Tuntutan Dipenuhi, Siswa SMKN 1 Kabanjahe Lega

Para siswa SMKN 1 Kabanjahe yang sempat mogok belajar pekan lalu akhirnya merasa puas karena tuntutan mereka termasuk kedisplinan para guru mendapat perhatian serius ditindaklanjuti Kepala Sekolah.

Salah satu kesepakatan Rapat Komite sekolah kemarin adalah peserta rapat sepakat merubah kembali RAB Komite 2012. Poin demi poin yang ada pada RAB dibahas satu persatu, sehingga membutuhkan waktu cukup panjang serta energi dan konsentrasi setiap peserta sampai terwujudnya RAB 2012 sesuai permintaan para murid dan orangtua serta mendapat atensi dari Kepala Sekolah, Drs Adrian Barus, Bendahara Komite, E Br Tarigan dan Ketua Komite Suhiya Lubis.

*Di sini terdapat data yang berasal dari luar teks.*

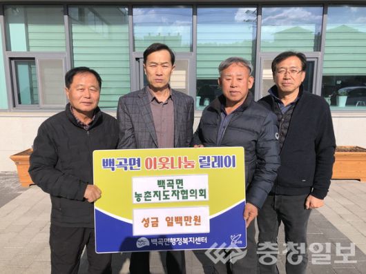 백곡면 농촌지도자연합회(회장 이헌상)도 이날 백곡면 행정복지센터에 이웃 돕기 성금 100만원을 기탁했다.
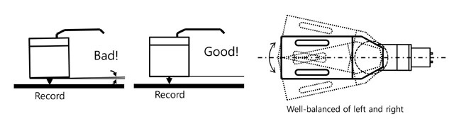 alibracja gramofonu to jedno z trudniejszych zagadnień świata audio. Niby wszystko jest jasne od lat, to tylko mechanika, czyli prosta geometria, a jednak możliwości w dopuszczalnych ramach są szerokie. Co do kilku rzeczy eksperci zdają się mówić jednym głosem: trzeba osiągnąć określony rozkład rezonansów w układzie ramię-wkładka, napęd powinien mieć maksymalnie równe i stabilne obroty, powinien być także odsprzęgnięty od głównego łożyska, a ramię powinno mieć minimalne tarcia w punktach podparcia i być maksymalnie sztywne. Ta ostatnia uwaga dotyczy całego ramienia, także jego główki.
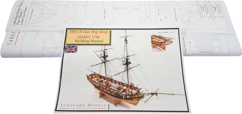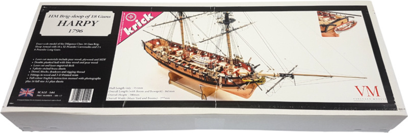Stavebnica neplávajúceho modelu lode Vanguard Models HM Brig Harpy 1796 1:64. Obsahuje veľké množstvo detailov vrátane spracovanej spodnej paluby s plošinami, pecami a kajutami. Nosníky hornej paluby zodpovedajú mierke čo do veľkosti a rozteče, takže môžete ponechať odkryté časti hornej paluby pre pohľad dovnútra, alebo ju úplne zakryť pre realistickosť. V balení sú diely pre túto náročnú stavbu. Konštrukcia modelu je klasická s kýlom, žebrováním a dvojitým plaňkovaním.
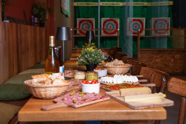 Les Cognées proposent un concept de loisir indoor réparti en trois espaces : un bar avec des tables pour boire un verre et patienter, les stands de lancer de hache, et une zone dédiée au tir à l’arc.
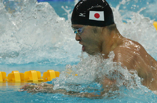 Japan's Kosuke Kitajima competes during the men's 100m breaststroke swimming semi-final at the National Aquatics Center during the 2008 Beijing Olympic Games on August 10, 2008 in Beijing. Kitajima broke the world record held by Brendan Hansen of the United States to win the final. [Agencies]
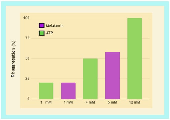 Arguably, the absence of ATP, despite the ability of melatonin to disrupt salt bridge formation, may be the reason why in vitro works on melatonin and tau fibril aggregation reported distinctly different results in the inhibition of fibril formation that could not confirm in vivo and ex vivo observations even at high concentrations of 5000 µM (Table 2).
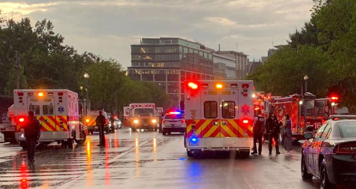 বৃহস্পতিবার সন্ধ্যায় এক সংবাদ সম্মেলনে ডিসি ফায়ার অ্যান্ড ইমার্জেন্সি মেডিক্যাল সার্ভিসেসের মুখপাত্র ভিটো ম্যাগিওলো বলেন, হোয়াইট হাউসের কাছে লাফায়েট পার্কে বজ্রপাত আঘাত হানে। এ ঘটনায় আহতদের অবস্থা খুবই আশঙ্কাজনক।
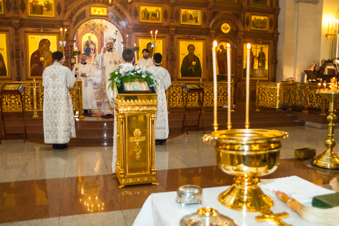 Его Высокопреосвященству сослужили сослужили ключарь Спасо-Преображенского кафедрального собора протоиерей Георгий Сивков, протоиерей Константин Чунчук, первый проректор Хабаровской духовной семинарии иерей Дионисий Проскурин, иерей Сергий Аникин, иерей Виктор Галян, иерей Андрей Мешков.
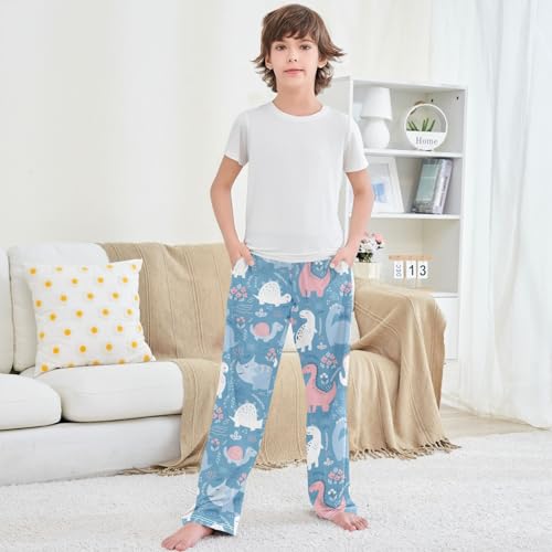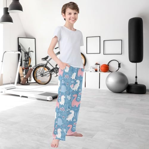 Boy's Pants Cute Dinosaur Flower Jogger Pants Elastic Waist Long Bottoms Trousers with Pockets 6-14 Years 7

Hasil kesepakatan tersebut terungkap dalam rapat komite sebagai tindak lanjut aksi mogok belajar para siswa. Kesepakatan yang juga tertuang dalam notulen hasil rapat, yang besarannya berjumlah Rp237,5 juta. Dari dana itu masih ada anggaran yang belum dialokasikan sebesar Rp42 juta.

Selanjutnya pengurus komite meminta pendapat peserta rapat yang juga dihadiri utusan dari Dinas Pendidikan Kabupaten Karo, Sualdi Surbakti SPd, anggota Komisi C DPRD Karo, Siti Aminah Br Peranginangin, Aceh Silalahi dan Khairani Br Karo. Melalui pembahasan yang alot diwarnai dengan hujan interupsi dari para peserta akhirnya diputuskan sebesar Rp22 juta untuk pembelian komputer baru termasuk transport panitia, Rp20 juta sebagai dana cadangan kas komite yang akan digunakan nantinya sesuai dengan keperluan dan kesepakatan bersama.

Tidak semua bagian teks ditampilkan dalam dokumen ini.